Fitting 3 folds for each of 361 candidates, totalling 1083 fits


In [None]:
# Printing the best parameters:
print(f"Best parameters: {grid.best_params_}")

Best parameters: {'max_depth': 14, 'min_samples_leaf': 12}


In [None]:
# Predicting:
y_pred_test = grid.best_estimator_.predict(X_train)
y_pred = grid.best_estimator_.predict(X_valid)

In [None]:
check_model(y_train, y_valid, y_pred_train, y_pred)

TRAIN
MAE: 653.0719697715923
MAPE:  0.09136972622892653
MAX_ERROR: 21173.674981515916

VALIDATION
MAE: 828.5005835888097
MAPE:  0.11268390594079056
MAX_ERROR: 21766.84338017745
R2:  0.876925896105757


## Ensemble Methods

Try to complete the same task but using Ensemble Methods (random forest model).

In [None]:
from sklearn.ensemble import RandomForestRegressor
from sklearn.model_selection import RandomizedSearchCV

In [None]:
# Searching for best parameters:
grid = RandomizedSearchCV(
            RandomForestRegressor(),
            param_distributions = {
                'max_depth': range(5, 25),
                'min_samples_split': range(2, 15),
                'max_features': range(2, 15)
            },
            scoring = 'neg_mean_absolute_error',
            cv = 3,
            n_jobs = -1,
            return_train_score = True,
            n_iter=30,
            verbose = 5,
        )

# Training the grid:
grid.fit(X_train, y_train)

Fitting 3 folds for each of 30 candidates, totalling 90 fits


In [None]:
print(f"Best parameters: {grid.best_params_}")

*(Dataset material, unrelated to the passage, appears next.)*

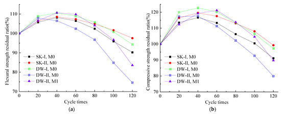 Figure 2 shows the strength retention coefficient of the MKPC paste under various corrosive conditions. Compared to the initial strength, the strength retention coefficient of the M0 paste under different corrosive environments increased first and reached a peak value at 60 dry–wet cycles. The strength residual rate of the specimens (M0) soaked in water and 5% Na2SO4 was 106.5% and 107.3% (flexural strength) and 113.3% and 117.5% (compressive strength). The strength residual rate of the specimens after 60 dry–wet cycles in water and 5% Na2SO4 was 108.9% and 102.4% (flexural strength) and 120.2% and 113.4% (compressive strength). After 120 dry–wet cycles, the strength residual rate of the specimens (M0) when soaked in water and 5% Na2SO4 was 90.2% and 97.56% (flexural strength) and 91.1% and 99.2% (compressive strength), the strength residual rate of the specimens after 120 dry–wet cycles in water and 5% Na2SO4 was 94.3% and 74.6% (flexural strength) and 97.2% and 79.9% (compressive strength). M0 soaked in the sulfate solution exhibited significantly better corrosion resistance than after soaking in water. It appears that M0 had a higher resistance to sulfate corrosion than to water corrosion, as previously reported [18]. However, the M0 paste under dry–wet cycles in the 5% Na2SO4 solution presented the lowest strength retention ratio in the whole corrosion test when the strength started to drop. This indicates that dry–wet damage was dominant when the samples were exposed to the combined action of sulfate attack and wet–dry cycling.

Best parameters: {'min_samples_split': 13, 'max_features': 8, 'max_depth': 18}


In [None]:
# Predicting:
y_pred_train = grid.best_estimator_.predict(X_train)
y_pred = grid.best_estimator_.predict(X_valid)

In [None]:
check_model(y_train, y_valid, y_pred_train, y_pred)

TRAIN
MAE: 547.8018519005198
MAPE:  0.07569706714430144
MAX_ERROR: 16615.481586881193

VALIDATION
MAE: 741.8678560413363
MAPE:  0.10163404952689027
MAX_ERROR: 19760.37285524661
R2:  0.9008285477579259


## Conclusion

Compare all the models, choose the best one and make some conclusion about the homework in general.

Linear model turned out to have the least precision.
KNN model performed much better and didn't require much time to get right k for it.
Decision tree and random forest models had the most precision, but getting best parameters for them took quite a bit of time.
Overall, random forest performed the best out of the models used here.

With this project I learned new methods of sorting and editing a dataset with Pandas and got to practice with several models and features from sklearn.